Xie Shi'ans Adamsapfel zuckte, seine Lippen verengten sich, aber es gelang ihm dennoch, ihr Handgelenk zu packen und sie vom Stuhl hochzuheben.

Nachdem Jian Changnian sich gefasst hatte, hob er die Hand, um dem Schiedsrichter ein Zeichen zu geben.

„Lasst uns das Spiel fortsetzen.“

Die Kommentatoren im Studio waren ebenfalls etwas schockiert.

"Moment mal, angesichts der Lage, willst du immer noch kämpfen, Jian Changnian?"

Kommentator B sagte mit einem Anflug von Belustigung in der Stimme.

„Ich glaube, ich kann sie ein bisschen verstehen. Sie sind Profispieler; sie müssen sich zurückholen, was sie im Wettbewerb verloren haben.“

Als sie wieder auf das Spielfeld trat, brach das Publikum in tosenden Applaus aus, und fast die Hälfte des Stadions war außer sich vor Begeisterung.

Das Publikum schrie aus vollem Halse:

„Jian Changnian, egal wer gewinnt oder verliert, du bist der Beste!“

„Ihr habt es wirklich toll gemacht, so weit zu kommen!“

„Los, Sicherheitsteam! Ich will hier nicht die südkoreanische Nationalhymne hören!“

„Die U-Bahn fährt noch, und Mama hat es nicht eilig, nach Hause zu fahren, verstehst du, was ich meine?!“

...

Diejenigen, die von weit her angereist waren, entrollten hinter ihnen Fahnen und feuerten sie an – ein Meer aus Rot.

Unter dem Jubel der Menge berührten sich die beiden leicht mit den Fäusten.

Xie Shi'an: "Kannst du es sehen?"

„Das ist in Ordnung, es wird Wind geben, wenn der Ball vorbeifliegt.“

Trotz ihrer Sehbeeinträchtigung am rechten Auge kämpft Jian Changnian weiterhin unermüdlich auf dem Spielfeld.
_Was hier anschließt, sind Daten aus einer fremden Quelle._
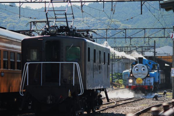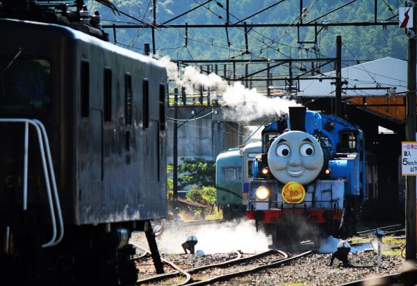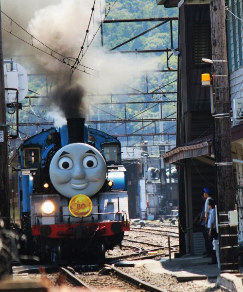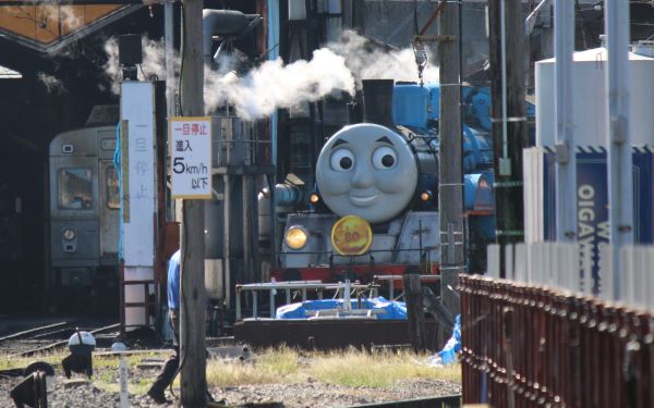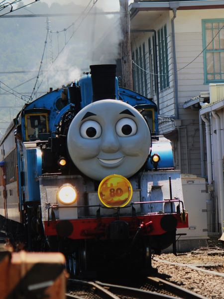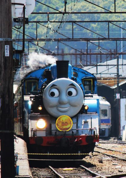 ここなら運行前のブルートレイン急行やトーマス号を見ることができる。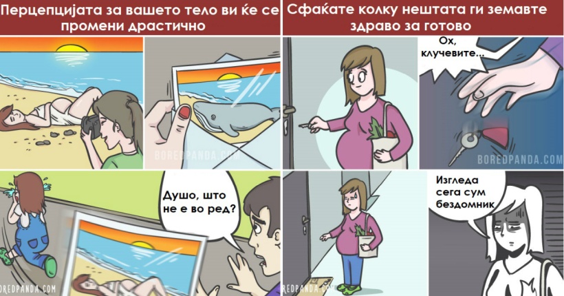 Утрински мачнини, силна желба за невообичаени комбинации на храна, потешкотии во пронаоѓањето на соодветна облека и обувки... Bored Panda создаде илустрации за слатките маки на жените во бременоста во кои ќе се препознаат голем број мајки и трудници.

Da ihre Sicht verschwommen war, konnte sie nur instinktiv, anhand des Windgeräusches und Xie Shi'ans bruchstückhafter Worte reagieren.

Xie Shi'an war nur ein gewöhnlicher Mensch, kein Gott, und außerdem war er verletzt, was bedeutete, dass seine Kampfkraft halbiert war.

Kim Nam-ji erzielte kurz hintereinander Tore.

Der Spielstand lautet nun 20:19.

Südkorea liegt derzeit an der Spitze.

Dennoch gaben sie nicht auf. Jian Changnian gelang eine verzweifelte Rettungsaktion nach der anderen, Xie Shian startete einen Angriff nach dem anderen, und so lieferten sie sich einen langen Kampf um den letzten Punkt.

Niemand weiß, was er fühlt, wenn er ein Spiel bestreitet, das er mit Sicherheit verlieren wird.

Die anwesenden Zuschauer hatten still Tränen in den Augen.

Als die Anzeigetafel aufleuchtete, herrschte im Studio lange Stille.

Auf dem vom Regisseur übermittelten Videomaterial hob der Schiedsrichter die Hände von Kim Nam-ji und Choi Hye-hee hoch; der Ausgang war bereits entschieden.

Über den Bildschirm scrollten Textzeilen, alle gefüllt mit traurigen und voller Bedauern geäußerten Sätzen.

„Die Olympischen Spiele finden alle vier Jahre statt, die Asienspiele finden alle vier Jahre statt, wie viele Jahre muss Xie Shi'an noch warten, bis sie ihren Grand Slam erreichen kann?“

„Interessiert sich denn niemand für Jian Changnian? Wenn ihr Sehvermögen geschädigt wird, könnte ihre berufliche Karriere beendet sein.“

„Sie ist erst achtzehn Jahre alt.“

"Wird das Sicherheitsteam aufgelöst, wenn wir keine guten Ergebnisse erzielen?"

...

Nach einem Moment der Stille sprach der Kommentator erneut, sein Tonfall wurde plötzlich leidenschaftlich.

„Ich kann das heutige Spiel nicht kommentieren. Wenn ich etwas sagen müsste, würde ich sagen, dass sie nicht verloren haben. Sie sind immer noch die strahlendsten Zwillingsstars auf dem Spielfeld!“

„Liebe Zuschauer, lasst uns unserer ungekrönten Königin einen großen Applaus spenden! Heute Abend gehört Incheon ihnen!“

Als der Kommentator seine Rede beendet hatte, ergriff Xie Shi'an Jian Changnians Hand, hob sie hoch und deutete auf das Publikum.

Jian Changnian war verblüfft, Tränen traten ihr in die Augen. Sie sah sie an, und die beiden blickten sich lächelnd an.

Sie haben sich in diesem Spiel trotz der Niederlage ehrenhaft verhalten.

Zum ersten Mal in der Geschichte der Badminton-Weltmeisterschaft wurden die Vizeweltmeister sogar noch lauter bejubelt als die Weltmeister. Unter ohrenbetäubendem Applaus trugen sie die gleichen Teamuniformen, Schulter an Schulter, und verbeugten sich vor dem Publikum – ein perfekter Abschied.